- Born: 2 January 1870 Oshkosh, Wisconsin, U.S.
- Died: 23 November 1943 (aged 73) Boston, Massachusetts, U.S.
- Relatives: Helen Farnsworth Mears (sister)

= Mary Mears =

Mary Martha Mears (2 January 1870 - 23 November 1943) was an American fiction writer, screenwriter, and photographer. Her short stories appeared in Harper's, Forum, and McClure's. Mears published her first of four novels in 1896.

== Early life ==
Born in Oshkosh, Wisconsin, Mears was the daughter of Elizabeth Farnsworth Mears and John Hall Mears. Her mother was an early Wisconsin poet who published under the pen name Nellie Wildwood. Her sisters were sculptor Helen Farnsworth Mears and illustrator Louise Mears Fargo.

Mears and her sisters attended Oshkosh public schools. She was a graduate of the Oshkosh Normal school.

Mears wrote her first novel, Emma Lou: Her Book, between the ages of fourteen and seventeen and sold the novel to Henry Holt.
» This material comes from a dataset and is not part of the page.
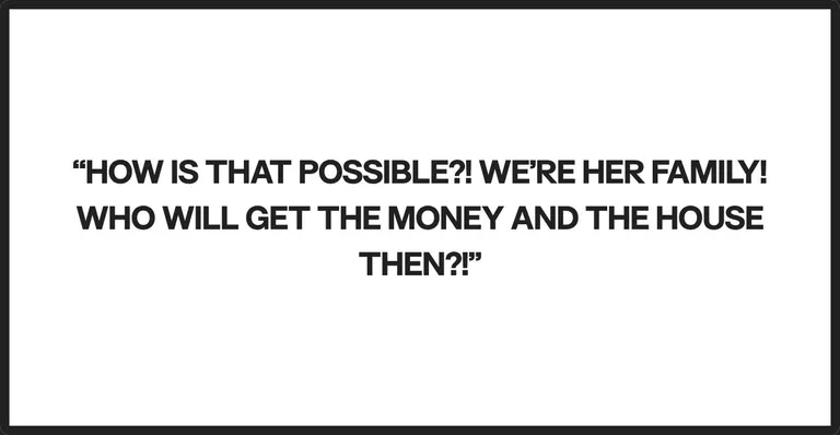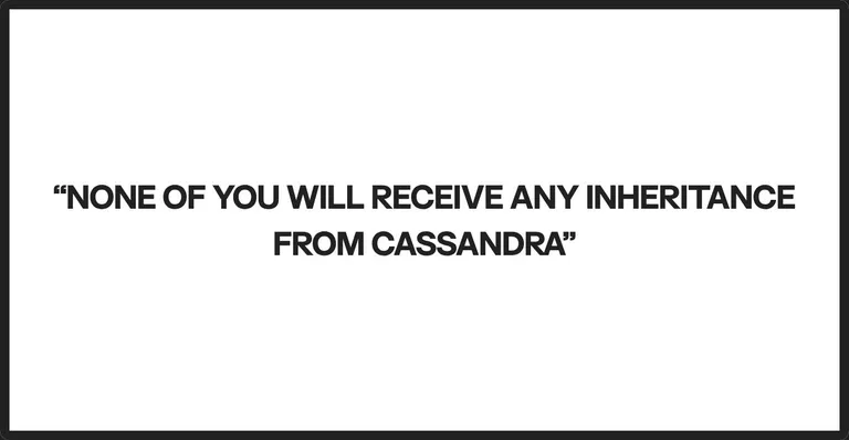In a cold voice, Mr. Johnson declared, “Cassandra will not leave any inheritance to any of you.”

The novel was published in 1896, when Mears was 26 years old.

Mears died in Boston at the age of 73.

== Career ==
In 1900, Mears moved to New York and set up an art studio, residing with her sister Helen.

In 1907, Mears and her sister Helen were among the first Fellows at the MacDowell artists' residency. Mears would go on to complete four additional residencies at MacDowell. She worked out of Bark Studio, later renamed the Schelling studio in 1933 after composer Ernest Schelling.
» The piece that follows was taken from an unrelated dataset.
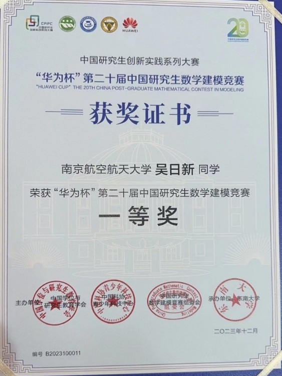 吴日新不仅多次在志愿服务中诠释奉献精神,同时也是一名才华出众的“学术达人”。在校期间,他认真勤勉,先后荣获2020年全国大学生数学建模竞赛本科组一等奖和2023年中国研究生数学建模竞赛全国一等奖等,展现出他在数学领域的卓越才华和优秀的团队协作能力。现已完成科研论文2篇,其中1篇已被SCI一区期刊录用,公开发明专利2项。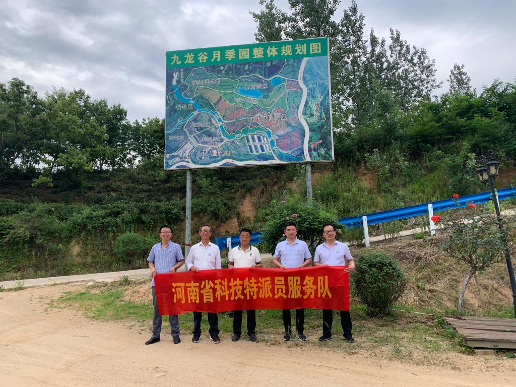 2023616日,河南省科技特派员范宏伟、叶兆伟、张凯、潘鹏亮等组成服务队赴罗山县金智农业科技有限公司,开展春末夏初果树、月季田间管理服务。

After Helen's sudden death on 17 February 1916, Mears became an ardent promoter of her sister's work until her own death in 1943. She gifted numerous pieces to museums, including the Brooklyn Museum. Mears photographed many of Helen's sculptures with a large format camera, creating many surviving records of her sister's work.

Mears was a frequent contributor to The Christian Science Monitor.

== Bibliography ==

=== Novels ===

- Emma Lou: Her Book (Holt, 1896)
- The Breath of Runners (Frederick A. Stokes Company, 1906)
- The Bird in the Box (Frederick A. Stokes Company, 1910)
- Rosamond the Second: Being the True Record of the Unparalleled Romance of One Claudius Fuller (Frederick A. Stokes Company, 1910)

=== Short stories (selected) ===

- "A realized romance" - Harper's (1897)
- "The marrying of Esther" - Harper's (1897)
- “Across the bridges” - Harper's (1900)

=== Plays ===

- Wings and the Woman

== Filmography ==

- The Forbidden Thing (silent film) (1920)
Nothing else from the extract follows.